Please check out http://www.youtube.com/watch?v=eVj50a2dt4Y where Diocesan Director of Communications Susan Gibbs clearly states "we do oppose the redefinition of marriage and we are opposed to this bill."

How can the Washington Post's editorial board possibly square this with its unsupported assertion that "the Catholic Church is not trying to prevent the legalization of same-sex marriage in the District"?

Further, from the Archdiocese's website: The Archdiocese of Washington testified before the Committee on Public Safety and the Judiciary of the District of Columbia City Council on Oct. 26, 2009 in support of marriage and religious liberty, and against proposed legislation to redefine marriage.

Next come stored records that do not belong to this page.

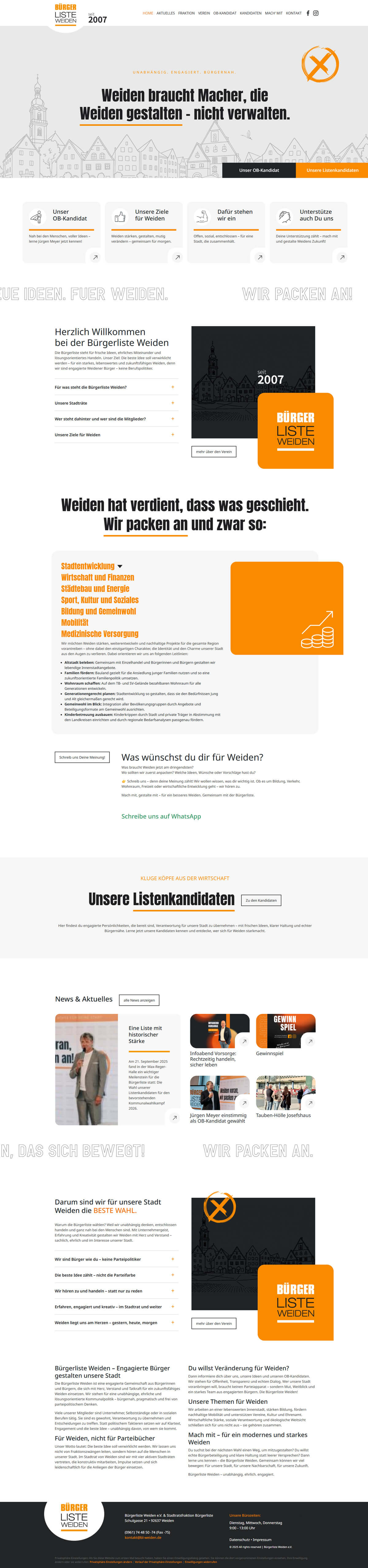 Kurz gesagt: Wir haben die WordPress Webseite www.bl-weiden.de visuell ansprechend, technisch robust und konzeptionell zielorientiert gestaltet — ein professionelles, nutzerzentriertes Ergebnis, das die Werte und Ziele der Bürgerliste Weiden authentisch transportiert.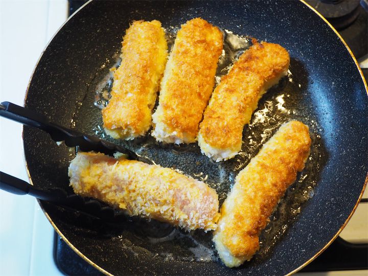 バッター液、パン粉の順番で5につけたら、フライパンに入れ揚げ焼きにする。
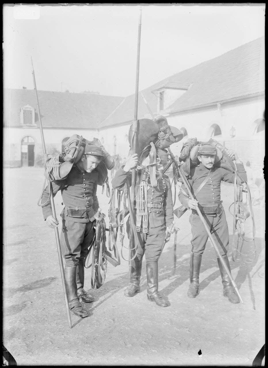 Cavalerie - Trois dragons portant leurs lances et leurs équipements de sellerie dans la cour de la caserne. [légende d'origine du cliché D146-1-59]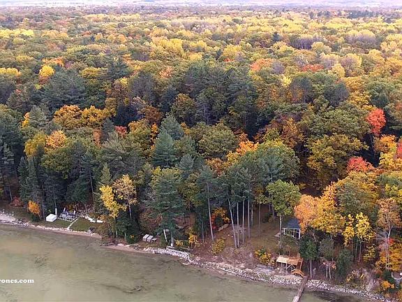 Rarely available location on quiet and private end of road Argonaut Trail!! This historical victorian cottage sits on two woodsy acres with separate year round contemporary guest cottage, all overlooking Burt Lake's sought out South End!! This lovely 2 story 3 bedroom cottage was built in 1904 as a summer home and hunting lodge and has been in the same family for 70 years. Many of the original details remain. Victorian natural wood kitchen cabinets still with original hinges and latches. Original woodwork and hardware throughout, including wood box beams on ceilings of dining and living room. Plus original wood floors lie hidden under the carpet. Enjoy a fire in the stepped brick fireplace while looking at the lake from the bay window. Sip your morning coffee while sitting on the screened in wrap around porch surrounded by the original turned wood Victorian posts all while viewing the full length of Burt Lake. The additional 3 bedroom guest cottage with attached 2 car garage and lake views has a Swedish feel with light wood cabinets and woodwork, enameled gas fireplace and Corian counters in the kitchen. Take the gentle stairs built into a beautifully landscaped terrace down to the beach where you can catch the sunrise and/or sunset. Pull your boat up to the 50 foot maintenance-free dock, and swim with the South End's famous sandy bottom under your feet!!!!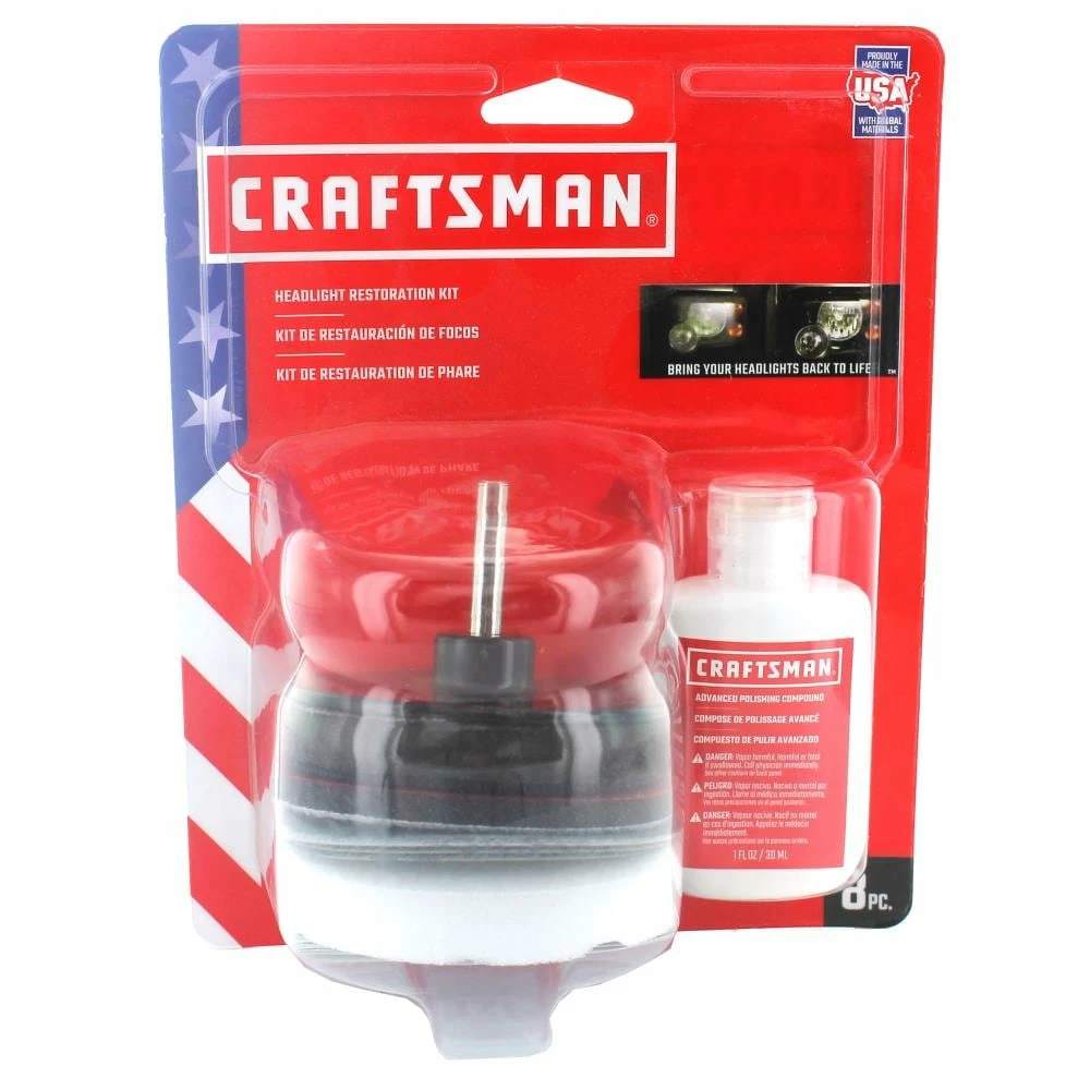 The Craftsman headlight restoration kit restores clarity to headlight lenses that have become cloudy, yellow or hazy over time.

And from the very first sentence of the diocese's testimony, linked at http://www.adw.org/family/marriage_ssm.asp "... we appreciate the opportunity to speak with you today on behalf of the Roman Catholic Archdiocese of Washington to express our opposition to Bill 18-0482, which would redefine marriage to include same-sex unions."

At best, lazy lazy lazy, representative of an editorial staff not doing the elementary homework on a very contentious issue.

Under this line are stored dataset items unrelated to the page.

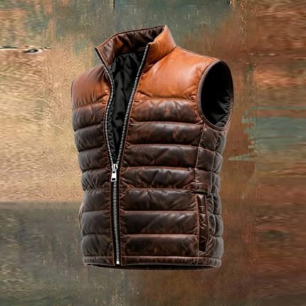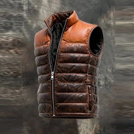 Men’s Retro Warm Soft Leather Outdoor Vest Jacket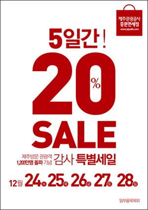 제주관광공사(사장 최갑열)는 ‘대한민국 관광수도, 제주’가 올해 1200만명 관광객 시대를 맞이함에 따라 24~28일 5일간 20% 할인 행사를 시행한다고 24일 밝혔다. 일부 브랜드는 제외다.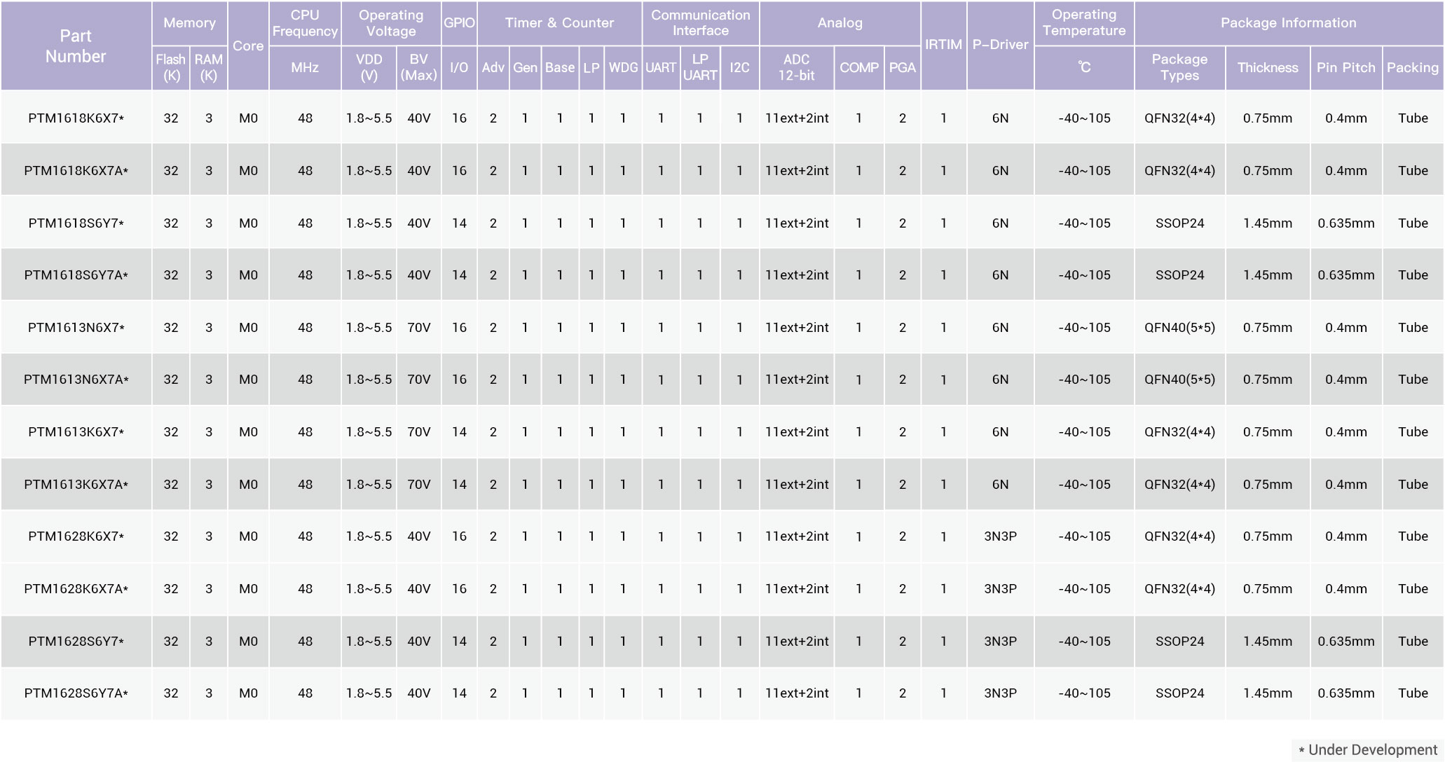 PTM160x 系列使用高性能,低功耗的 Cortex™-M0 32 位内核,通用工作频率最大 48MHz。内置高速存储器(32KB 的 Flash 和 3KB 的 SRAM),多功能复用的 I/O 端口和连接到 APB 总线的丰富外设。

At worst, a willful distortion of the Diocese's position.

Which is it?

It is this kind of shoddy journalism that depresses the Post's circulation and raises real questions about the credibility and professionalism of the Post's reporting.

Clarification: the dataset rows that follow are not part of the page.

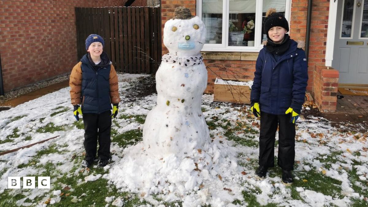 Brothers building a snowman in Dumfries and Galloway - sent to BBC News by mum Julie.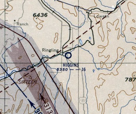 Higgins Airfield, as depicted on the October 1955 Butte Sectional Chart.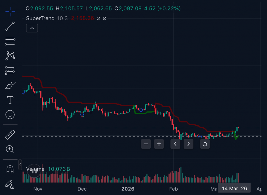 The key context: ETH had been trading below $2,100 for an extended period before breaking out above that level in mid-March. With the broader market also recovering (BTC reclaiming the $72,000 to $74,000 range, SOL up over 5%), ETH’s move had enough force behind it to finally close above the SuperTrend line.

The Post's readers, the City Council, and the District's LBGT community deserve far better.

I look forward to reading a quick correction of this blatant error.

What got me about the Post editorial was its refusal to suggest what kind of "compromise" might be possible that might appease Holy Mother The Church (or HMTC, Inc., as I prefer to call it). It insisted there has to be a middle way, yet couldn't explain where that might be. Bizarre. I thought Mr. Capehart had more sense than this editorial revealed.